Starting with the line that has "为强化学生诚信教育,进一步加" and finishing with the line that has "광주광역시(시장 강기정)는 개학(1학기)을", set down each line below exactly. Pictures are not copied.

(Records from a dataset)
+-------+

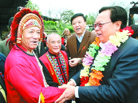徐光春真摯地說:“兩岸不管是什么民族,我們都是中華民族大家庭的成員。中華要振興、要發展,就需要中華民族的每一分子團結起來,共同奮斗。當前,我們正在積極推進兩岸和平發展,大陸的漢族和少數民族要團結,臺灣的漢族和少數民族要團結,兩岸之間的漢族和少數民族同樣要團結。只有這樣,兩岸合作發展的形勢才會越來越好,果實才會越來越多,送給兩岸人民的福祉才會越來越豐盛!”徐光春最后說,“這次我們采購了阿里山鄉30多萬元人民幣的土特產,以表達河南鄉親們對阿里山同胞的深厚情誼。本來我們準備再多采購一些,但村民們說已沒有存貨了,我們只好明天再來采購。同時,我還要代表河南人民向你們發出誠摯的邀請,希望你們明年組團到河南來,到河南的臺灣村去看看你們的鄉親們,探親的費用由河南來承擔!”燦爛的笑容,經久不息的掌聲,身著節日盛裝的鄒族老媽媽們、姑娘們眼里充盈著激動的淚光。
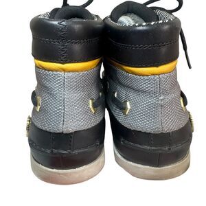 Timberland Oakwell 7 Eye Moc-Toe Boots for men in black leather with a round toe shape. These lace-up boots feature a gold emblem accent, are lightweight, comfortable, and anti-fatigue. Suitable for casual and workwear, with a vintage style and outdoor-hip hop theme. The outsole is made of leather, and they are designed for winter and fall seasons. The Timberland Boot Company product line offers quality craftsmanship in this ankle boot style. Shoes come as is. No box included. Great condition. No rips/holes/tears/excessive stretching/stains/discoloration/snags. Kept in a smoke/pet free home.
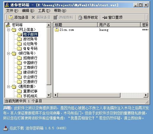 链接是 : http://www.haoxg.net/tools.html#myvault 或者点击 我的密码箱
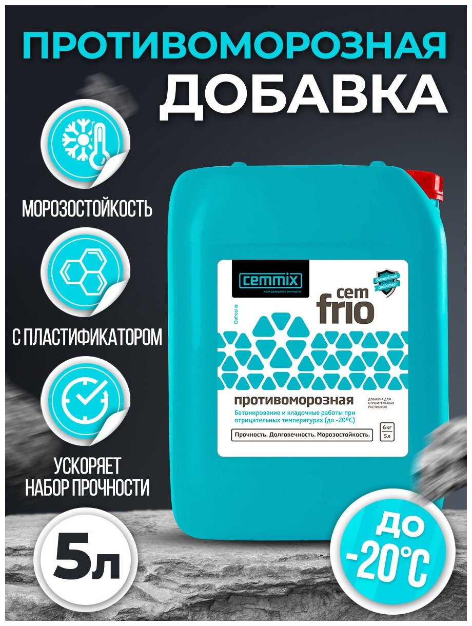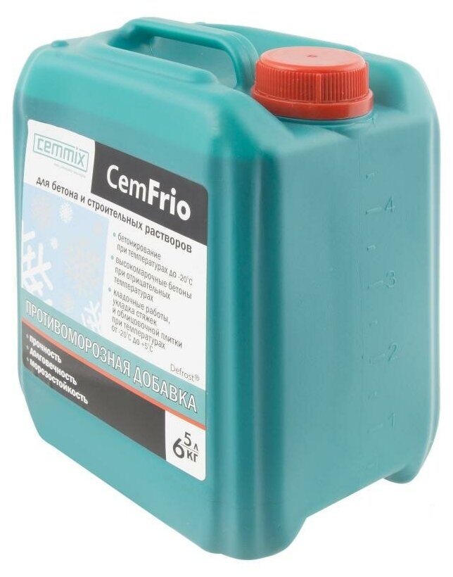 Зима во многих регионах России длится почти полгода. Чтобы строители имели возможность работать в холода, компания Cemmix производит добавки, препятствующие замерзанию воды в кладочных и штукатурных растворах, бетонах и стяжках. Добавка CemFrio запускает в растворе ряд химических реакций, которые понижают температуру замерзания, увеличивают скорость затвердевания и прочность, повышают сцепку бетона с арматурой, защищая ее от коррозии. Благодаря антифризу со строительными растворами, можно работать до 20 градусов мороза.
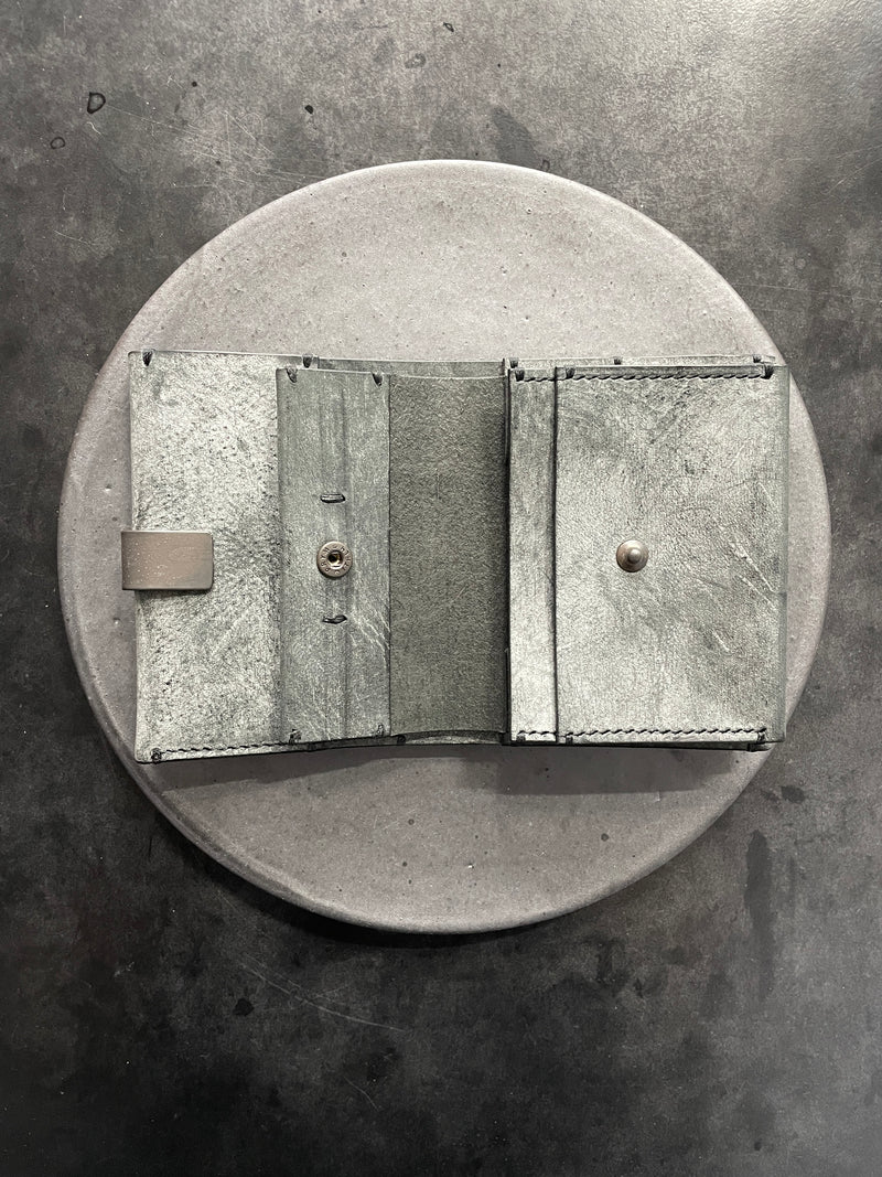 小銭入れを開閉するスナップボタンには、ドイツPRYM社のパーツを採用しており、作品の持つ美しい空気感を静かに助長する。
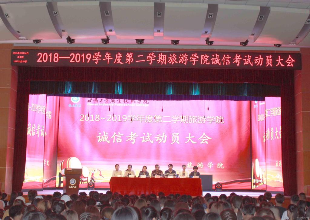 为强化学生诚信教育,进一步加强学风建设,规范考试管理,严肃考风考纪,树立良好的教风、学风、考风,确保考试工作科学、规范、有序进行,6月28日,旅游学院在大学生活动中心举行了2018—2019学年度第二学期诚信考试动员大会。旅游学院党支部书记张仲祥,学院副院长李玉林、曹瑞琴,各专业主任及旅游学院师生900余人参加。
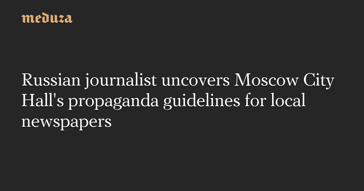 Russian journalist uncovers Moscow City Hall’s propaganda guidelines for local newspapers
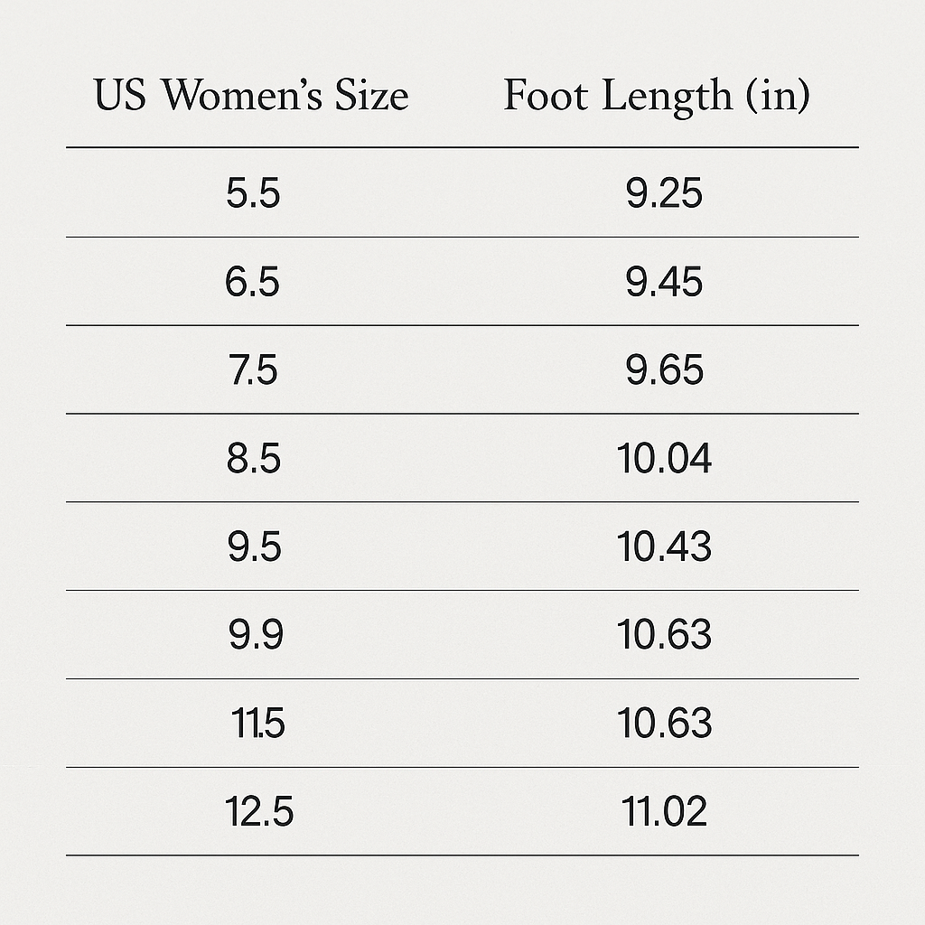 SIZE FOOT LENGTH (CM) FOOT LENGTH (IN)
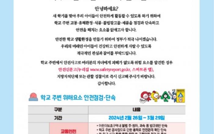 광주광역시(시장 강기정)는 개학(1학기)을 맞아 학교주변 보호구역에 대한 안전점검 및 단속을 추진한다.이번 점검은 어린이가 안전한 학교 환경 조성을 위해 26일부터 3월 29일까지 5주간 관내 155개 초등학교 주변 보호구역을 점검한다.점검대상은 ▲교통안전 ▲유해환경
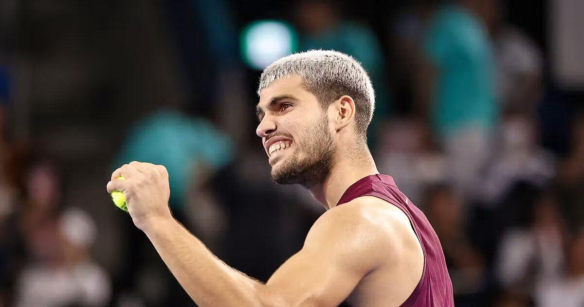 Карлос Алькарас презентует свой логотип, созданный Nike, на итоговом турнире ATP.

+-------+

[Result below]:
 为强化学生诚信教育,进一步加强学风建设,规范考试管理,严肃考风考纪,树立良好的教风、学风、考风,确保考试工作科学、规范、有序进行,6月28日,旅游学院在大学生活动中心举行了2018—2019学年度第二学期诚信考试动员大会。旅游学院党支部书记张仲祥,学院副院长李玉林、曹瑞琴,各专业主任及旅游学院师生900余人参加。
 Russian journalist uncovers Moscow City Hall’s propaganda guidelines for local newspapers
 SIZE FOOT LENGTH (CM) FOOT LENGTH (IN)
 광주광역시(시장 강기정)는 개학(1학기)을 맞아 학교주변 보호구역에 대한 안전점검 및 단속을 추진한다.이번 점검은 어린이가 안전한 학교 환경 조성을 위해 26일부터 3월 29일까지 5주간 관내 155개 초등학교 주변 보호구역을 점검한다.점검대상은 ▲교통안전 ▲유해환경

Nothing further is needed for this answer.